# [PROBLEM DESCRIPTION]
Drop the pictures; give again exactly the lines from the one holding "Bryt av en neutral" through the end of the data.

# [DATA]
= = = =

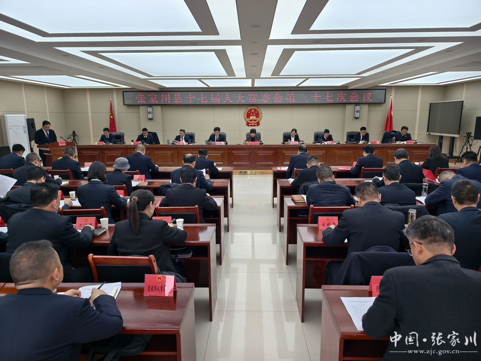 1月27日,张家川县第十七届人大常委会召开第三十七次会议。县人大常委会主任麻小梅主持第一、第二次全体会议,县人大常委会副主任赫金梅、王保林、陈金海、马建军出席会议。县人民政府副县长杨龙飞,县监委、县法院、县检察院、县政府办等政府组成部门负责人,县人大常委会各委办主任、副主任,县人大代表联络服务中心主任列席会议。
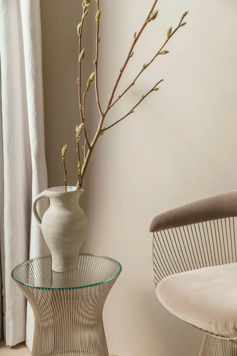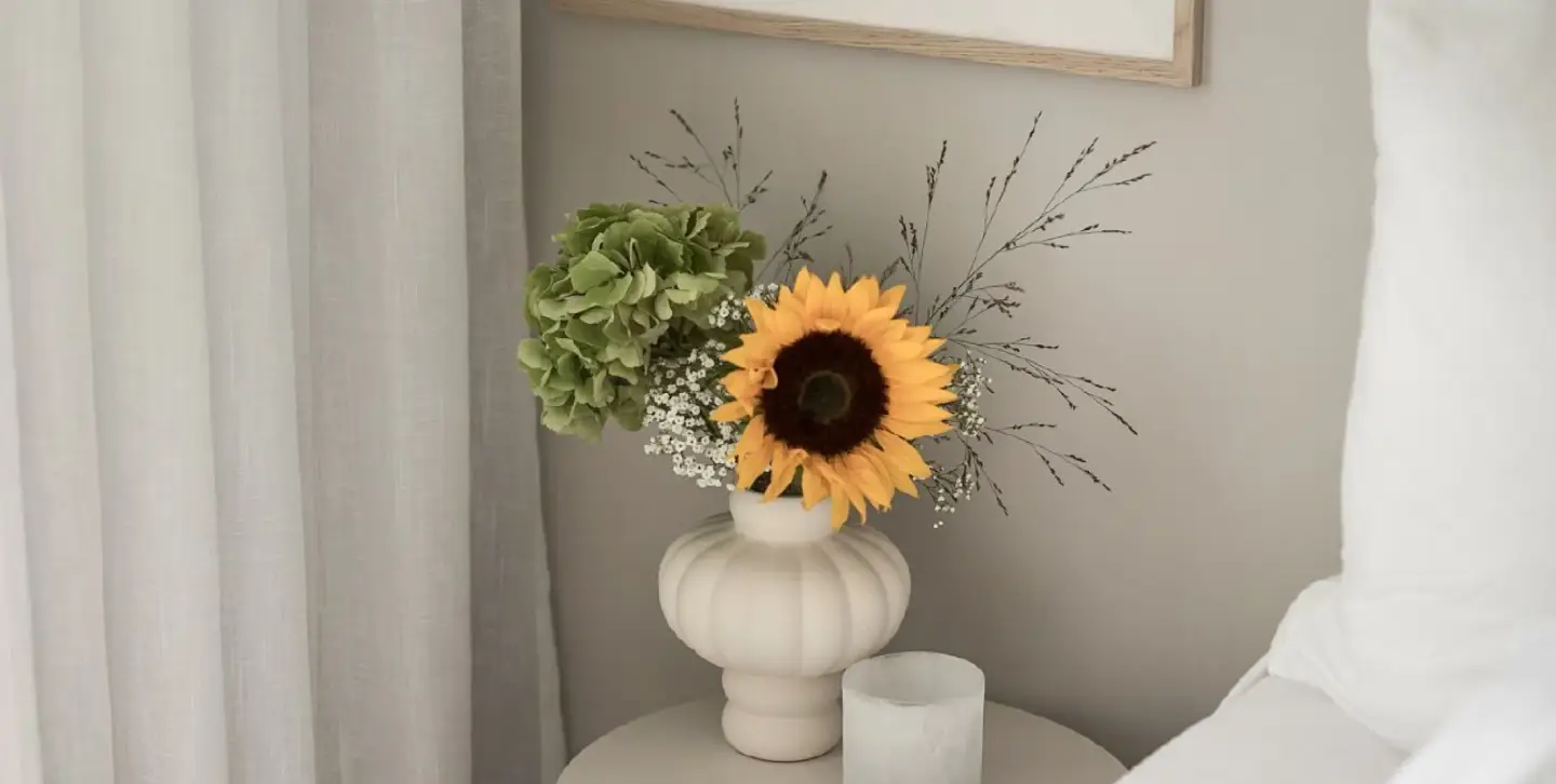 Bryt av en neutral greige vägg med gula accenter som en uppiggande solros
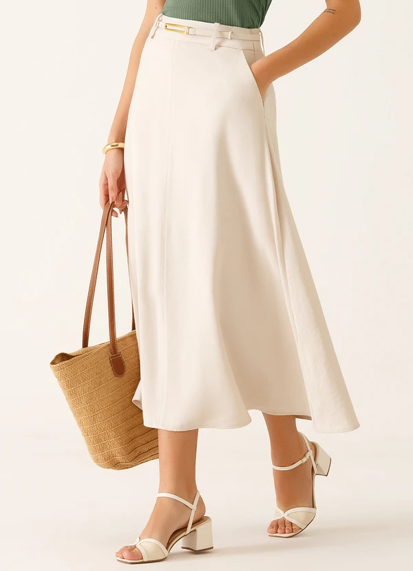 Principessa - Saia Alfaiataria Maxi Sarja Areia Gislayne

= = = =

# [ANSWER TO THIS PROBLEM]
 Bryt av en neutral greige vägg med gula accenter som en uppiggande solros
 Principessa - Saia Alfaiataria Maxi Sarja Areia Gislayne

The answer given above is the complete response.